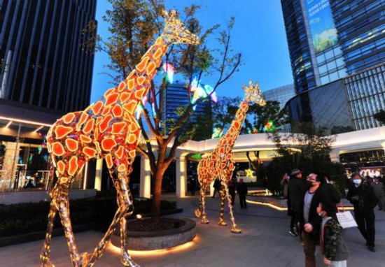 新亮相的“今潮8弄”已成為滬上的新晉網紅打卡點。而不少市民選擇在傍晚時分游覽新潮8弄,更有一種穿越時空的感覺。夜幕下的石庫門建筑在燈光的映襯下,外墻的肌理和原貌更清晰可見,廣場上的長頸鹿等動物燈景在夜幕下繽紛炫彩,各種時尚攤點擺滿街面,讓潮流地標更有時尚風情與海派文化交融的魅力。
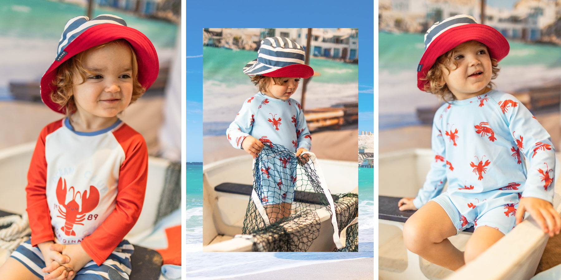 Chandail de bain rouge et crème avec homard, bébé
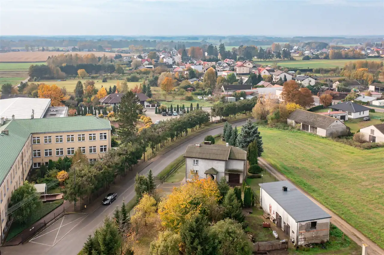 Przykładowe odległości: najbliższy market 300 m. Szkoła Podstawowa 100 m. Restauracja 1 km. Przychodnia 5 km. Urząd Gminy 5 km. Weterynarz 5 km. Poczta Polska 4,4 km. Automat DPD, DHL 5 km.
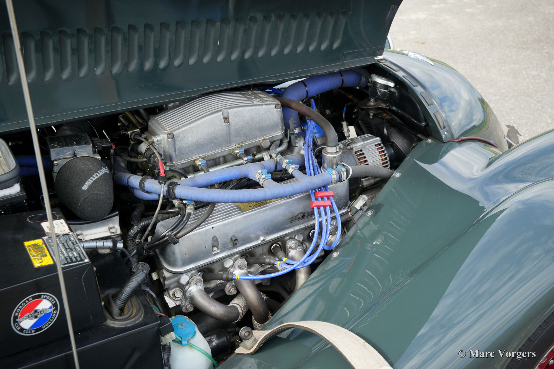 Morgan +8, Jahr 1997. Farbe dunkelgrau kombiniert mit einer dunkelroten Lederausstattung und dunkelroter Wetterausrüstung (Verdeck, Persenning, Reserveradabdeckung). Dieser prächtige Morgan +8 wurde neu nach Deutschland verkauft. Das Auto wurde im Jahr 2003 in die Niederlande importiert. Der Morgan kennt seitdem einen niederländischen Besitzer, und das Auto ist 80.000 Kilometer von neu gefahren. Dieser beeindruckende Morgan +8 befindet sich in einem ausgezeichneten Originalzustand mit nur geringen Gebrauchsspuren. Die (Service-) Geschichte ist sehr gut dokumentiert. Dieser begehrenswerte Morgan +8 verfügt über den bekannten 3,9-Liter-V8-Motor von Rover mit Benzineinspritzung und einem manuell betätigten 5-Gang-Getriebe. Mit 180 PS und einem Gewicht von etwas mehr als 1000 Kilogramm bietet der Morgan +8 die richtigen Zutaten für ein spektakuläres Fahrerlebnis! Die prächtige Auspuffnote macht süchtig! Dieser wunderschöne Morgan +8 ist mit vielen speziellen Optionen ausgestattet, wie z. B. einer Persenning, einer Gepäckablage, einer Librands-Abgasanlage, einer Panhard-Stange (zusätzliche Stange zur Lokalisierung der Hinterachse), Koni-Stoßdämpfern, Kühlergrillgitter, einem Kühler mit hoher Kapazität, einem Ledergürtel über der Motorhaube, verschiedene Edelstahlbefestigungen, Lenkschloss und verchromte Rücklichtgehäuse. Darüber hinaus ist das Auto mit wunderschönen originalen 15-Zoll-Leichtmetallrädern ausgestattet, die mit 205-60 Dunlop-Reifen bestückt sind. Dies ist ein hervorragendes Beispiel für den legendären Morgan +8!

**Problem to work on:** Copy out all the data exactly. The images should not appear in the copy.

**Response to the task:**
 新亮相的“今潮8弄”已成為滬上的新晉網紅打卡點。而不少市民選擇在傍晚時分游覽新潮8弄,更有一種穿越時空的感覺。夜幕下的石庫門建筑在燈光的映襯下,外墻的肌理和原貌更清晰可見,廣場上的長頸鹿等動物燈景在夜幕下繽紛炫彩,各種時尚攤點擺滿街面,讓潮流地標更有時尚風情與海派文化交融的魅力。
 Chandail de bain rouge et crème avec homard, bébé
 Przykładowe odległości: najbliższy market 300 m. Szkoła Podstawowa 100 m. Restauracja 1 km. Przychodnia 5 km. Urząd Gminy 5 km. Weterynarz 5 km. Poczta Polska 4,4 km. Automat DPD, DHL 5 km.
 Morgan +8, Jahr 1997. Farbe dunkelgrau kombiniert mit einer dunkelroten Lederausstattung und dunkelroter Wetterausrüstung (Verdeck, Persenning, Reserveradabdeckung). Dieser prächtige Morgan +8 wurde neu nach Deutschland verkauft. Das Auto wurde im Jahr 2003 in die Niederlande importiert. Der Morgan kennt seitdem einen niederländischen Besitzer, und das Auto ist 80.000 Kilometer von neu gefahren. Dieser beeindruckende Morgan +8 befindet sich in einem ausgezeichneten Originalzustand mit nur geringen Gebrauchsspuren. Die (Service-) Geschichte ist sehr gut dokumentiert. Dieser begehrenswerte Morgan +8 verfügt über den bekannten 3,9-Liter-V8-Motor von Rover mit Benzineinspritzung und einem manuell betätigten 5-Gang-Getriebe. Mit 180 PS und einem Gewicht von etwas mehr als 1000 Kilogramm bietet der Morgan +8 die richtigen Zutaten für ein spektakuläres Fahrerlebnis! Die prächtige Auspuffnote macht süchtig! Dieser wunderschöne Morgan +8 ist mit vielen speziellen Optionen ausgestattet, wie z. B. einer Persenning, einer Gepäckablage, einer Librands-Abgasanlage, einer Panhard-Stange (zusätzliche Stange zur Lokalisierung der Hinterachse), Koni-Stoßdämpfern, Kühlergrillgitter, einem Kühler mit hoher Kapazität, einem Ledergürtel über der Motorhaube, verschiedene Edelstahlbefestigungen, Lenkschloss und verchromte Rücklichtgehäuse. Darüber hinaus ist das Auto mit wunderschönen originalen 15-Zoll-Leichtmetallrädern ausgestattet, die mit 205-60 Dunlop-Reifen bestückt sind. Dies ist ein hervorragendes Beispiel für den legendären Morgan +8!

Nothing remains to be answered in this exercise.